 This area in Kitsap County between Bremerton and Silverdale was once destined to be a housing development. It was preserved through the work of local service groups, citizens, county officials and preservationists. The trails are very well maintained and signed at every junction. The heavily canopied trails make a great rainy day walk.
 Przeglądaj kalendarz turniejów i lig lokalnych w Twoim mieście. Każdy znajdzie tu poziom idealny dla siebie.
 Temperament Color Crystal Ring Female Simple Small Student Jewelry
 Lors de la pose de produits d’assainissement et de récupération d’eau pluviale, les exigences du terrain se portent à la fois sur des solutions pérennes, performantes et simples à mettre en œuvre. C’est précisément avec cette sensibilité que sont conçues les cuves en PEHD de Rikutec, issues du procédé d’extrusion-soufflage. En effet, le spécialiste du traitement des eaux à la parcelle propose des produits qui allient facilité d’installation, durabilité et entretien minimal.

* * *

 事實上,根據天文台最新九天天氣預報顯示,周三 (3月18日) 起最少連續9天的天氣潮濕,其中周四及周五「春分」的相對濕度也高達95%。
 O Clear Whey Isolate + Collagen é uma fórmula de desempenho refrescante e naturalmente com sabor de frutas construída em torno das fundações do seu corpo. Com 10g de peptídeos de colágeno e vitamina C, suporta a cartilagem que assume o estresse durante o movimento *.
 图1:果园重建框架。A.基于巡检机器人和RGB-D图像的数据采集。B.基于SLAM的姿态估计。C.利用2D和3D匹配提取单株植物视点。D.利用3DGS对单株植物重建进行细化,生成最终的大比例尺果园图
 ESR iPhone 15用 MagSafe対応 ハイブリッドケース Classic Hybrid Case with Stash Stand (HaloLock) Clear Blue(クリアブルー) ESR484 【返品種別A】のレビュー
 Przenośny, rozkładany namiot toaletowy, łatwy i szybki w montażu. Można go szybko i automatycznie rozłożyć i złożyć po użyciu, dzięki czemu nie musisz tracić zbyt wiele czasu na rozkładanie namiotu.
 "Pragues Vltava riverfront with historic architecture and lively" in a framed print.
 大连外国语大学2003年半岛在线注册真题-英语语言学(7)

---

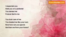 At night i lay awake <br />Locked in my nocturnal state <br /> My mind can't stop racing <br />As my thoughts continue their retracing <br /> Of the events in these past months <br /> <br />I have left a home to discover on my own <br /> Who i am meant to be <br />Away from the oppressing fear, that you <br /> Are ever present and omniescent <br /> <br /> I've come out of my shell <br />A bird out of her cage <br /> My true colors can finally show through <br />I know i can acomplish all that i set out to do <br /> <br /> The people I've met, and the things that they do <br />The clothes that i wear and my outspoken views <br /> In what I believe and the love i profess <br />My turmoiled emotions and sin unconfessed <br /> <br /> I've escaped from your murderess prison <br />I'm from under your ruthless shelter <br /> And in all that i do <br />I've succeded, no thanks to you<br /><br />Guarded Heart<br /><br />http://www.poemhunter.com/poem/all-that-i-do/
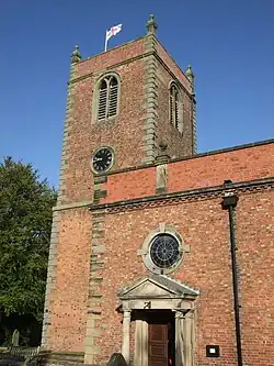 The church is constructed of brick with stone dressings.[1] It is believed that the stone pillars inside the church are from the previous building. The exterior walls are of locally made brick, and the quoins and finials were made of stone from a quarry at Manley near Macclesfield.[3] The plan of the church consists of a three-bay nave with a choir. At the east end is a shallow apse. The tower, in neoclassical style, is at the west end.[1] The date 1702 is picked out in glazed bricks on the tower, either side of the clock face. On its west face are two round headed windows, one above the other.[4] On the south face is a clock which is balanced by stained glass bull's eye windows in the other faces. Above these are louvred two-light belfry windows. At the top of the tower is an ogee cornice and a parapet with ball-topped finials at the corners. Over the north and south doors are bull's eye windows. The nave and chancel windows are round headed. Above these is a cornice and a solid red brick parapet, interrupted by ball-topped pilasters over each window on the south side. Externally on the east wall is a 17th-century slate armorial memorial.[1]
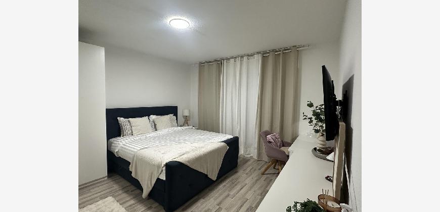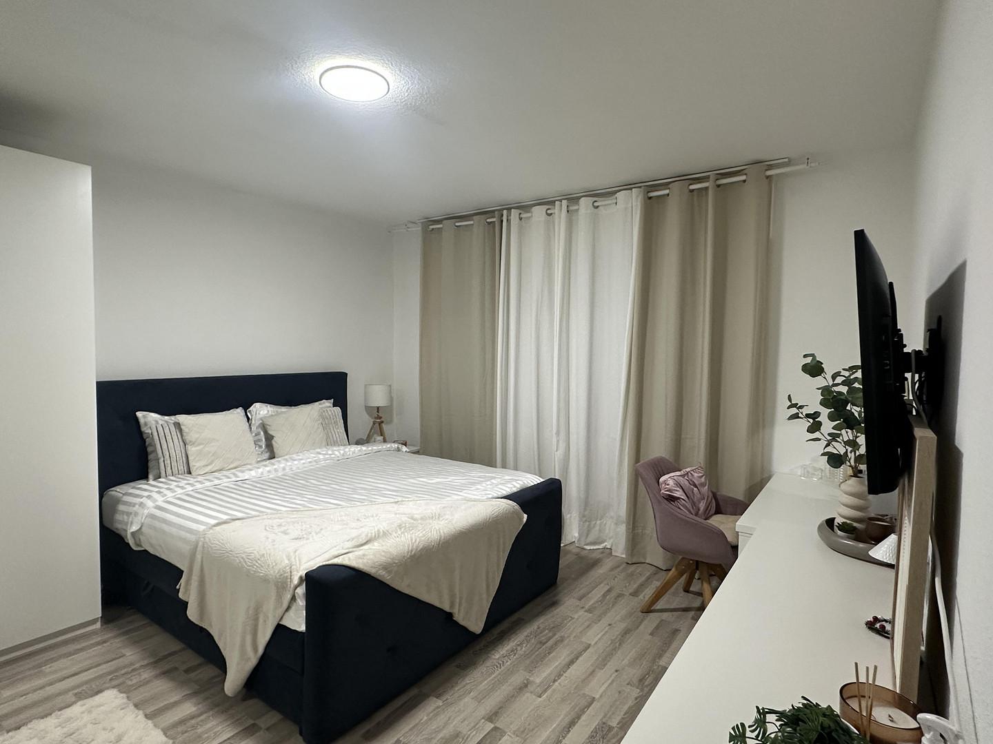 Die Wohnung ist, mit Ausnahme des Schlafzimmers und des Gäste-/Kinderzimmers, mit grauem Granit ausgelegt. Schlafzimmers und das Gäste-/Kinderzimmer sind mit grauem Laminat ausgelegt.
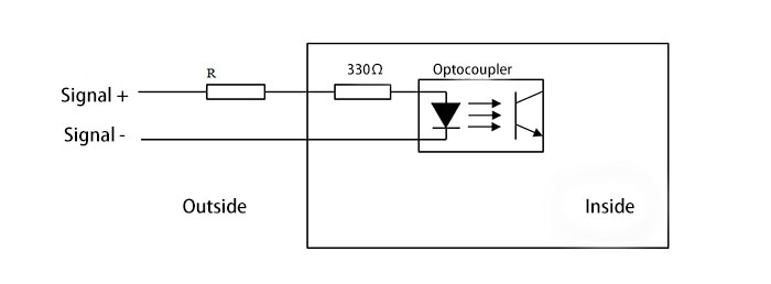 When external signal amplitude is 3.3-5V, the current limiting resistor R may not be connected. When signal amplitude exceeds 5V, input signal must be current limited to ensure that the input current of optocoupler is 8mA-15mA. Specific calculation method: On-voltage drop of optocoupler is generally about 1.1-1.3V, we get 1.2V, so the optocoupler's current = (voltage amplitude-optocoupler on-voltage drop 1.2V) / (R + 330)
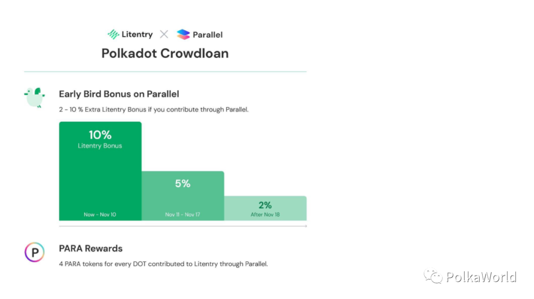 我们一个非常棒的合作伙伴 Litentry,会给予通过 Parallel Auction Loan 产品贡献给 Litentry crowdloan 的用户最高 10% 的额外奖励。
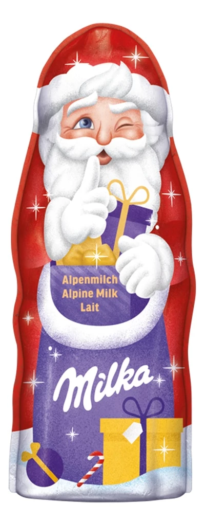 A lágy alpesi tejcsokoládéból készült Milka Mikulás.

## What is being asked:
Using the entries above, output exactly the lines between the line holding "图1:果园重建框架。A.基于" and the line holding "大连外国语大学2003年半岛在线注册真题-英语语言学(7)", end lines included, and nothing more.

## Result:
 图1:果园重建框架。A.基于巡检机器人和RGB-D图像的数据采集。B.基于SLAM的姿态估计。C.利用2D和3D匹配提取单株植物视点。D.利用3DGS对单株植物重建进行细化,生成最终的大比例尺果园图
 ESR iPhone 15用 MagSafe対応 ハイブリッドケース Classic Hybrid Case with Stash Stand (HaloLock) Clear Blue(クリアブルー) ESR484 【返品種別A】のレビュー
 Przenośny, rozkładany namiot toaletowy, łatwy i szybki w montażu. Można go szybko i automatycznie rozłożyć i złożyć po użyciu, dzięki czemu nie musisz tracić zbyt wiele czasu na rozkładanie namiotu.
 "Pragues Vltava riverfront with historic architecture and lively" in a framed print.
 大连外国语大学2003年半岛在线注册真题-英语语言学(7)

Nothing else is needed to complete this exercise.